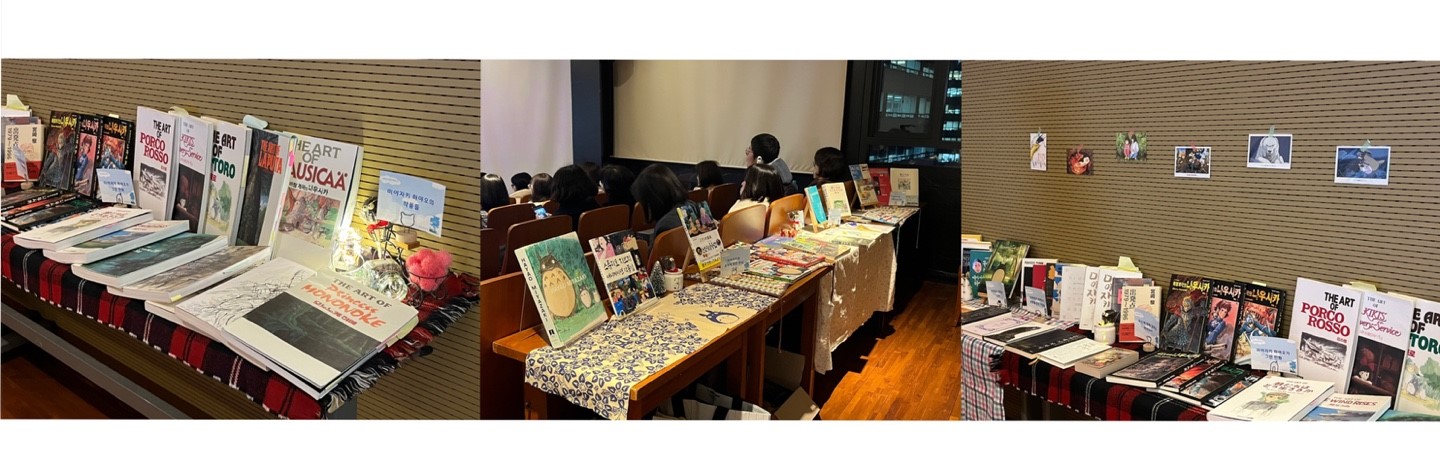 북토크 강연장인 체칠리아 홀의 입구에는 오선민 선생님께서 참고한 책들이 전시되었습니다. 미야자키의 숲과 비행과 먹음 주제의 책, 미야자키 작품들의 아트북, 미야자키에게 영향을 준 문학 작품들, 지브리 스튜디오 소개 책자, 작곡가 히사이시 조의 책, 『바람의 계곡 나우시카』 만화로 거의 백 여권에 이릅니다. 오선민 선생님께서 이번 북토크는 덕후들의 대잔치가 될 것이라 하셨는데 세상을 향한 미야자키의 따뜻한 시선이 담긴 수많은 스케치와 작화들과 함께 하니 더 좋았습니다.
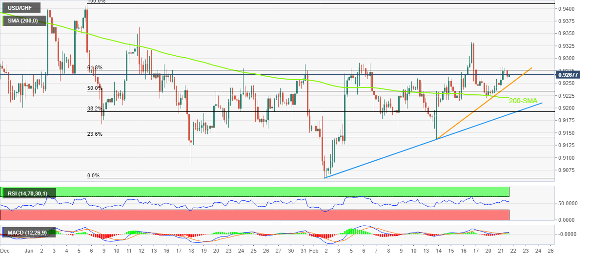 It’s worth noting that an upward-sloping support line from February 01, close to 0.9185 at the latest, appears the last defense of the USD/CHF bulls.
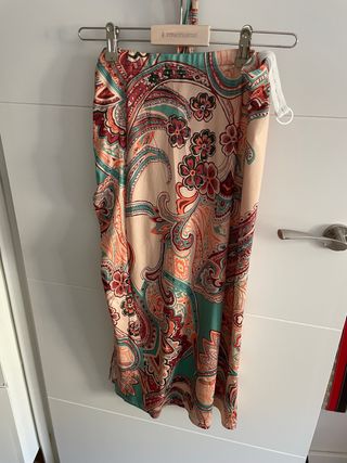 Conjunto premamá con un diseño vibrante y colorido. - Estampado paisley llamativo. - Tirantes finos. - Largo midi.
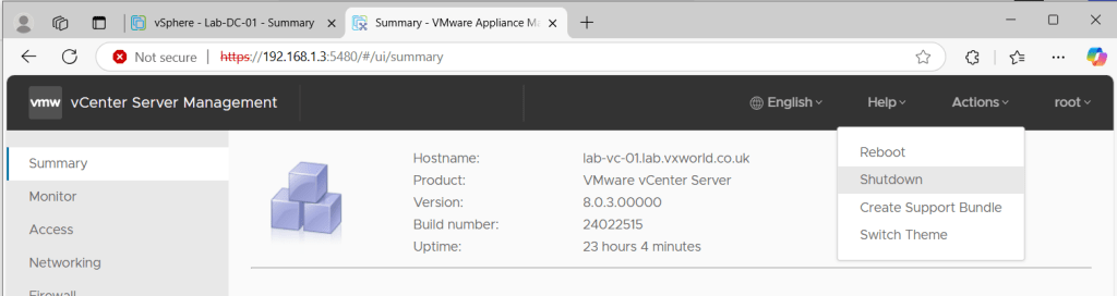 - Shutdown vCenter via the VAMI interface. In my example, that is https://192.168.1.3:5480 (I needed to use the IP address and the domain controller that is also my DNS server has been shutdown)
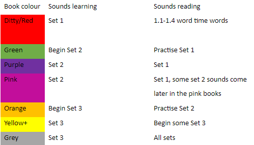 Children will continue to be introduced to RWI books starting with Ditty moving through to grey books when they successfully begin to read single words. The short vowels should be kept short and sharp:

• EXERCISE DIRECTIONS: The output is the stretch above from the line with "It’s worth noting" through the line with "Conjunto premamá con", copied word for word with both ends kept and every picture dropped.

• WRITTEN RESPONSE:
 It’s worth noting that an upward-sloping support line from February 01, close to 0.9185 at the latest, appears the last defense of the USD/CHF bulls.
 Conjunto premamá con un diseño vibrante y colorido. - Estampado paisley llamativo. - Tirantes finos. - Largo midi.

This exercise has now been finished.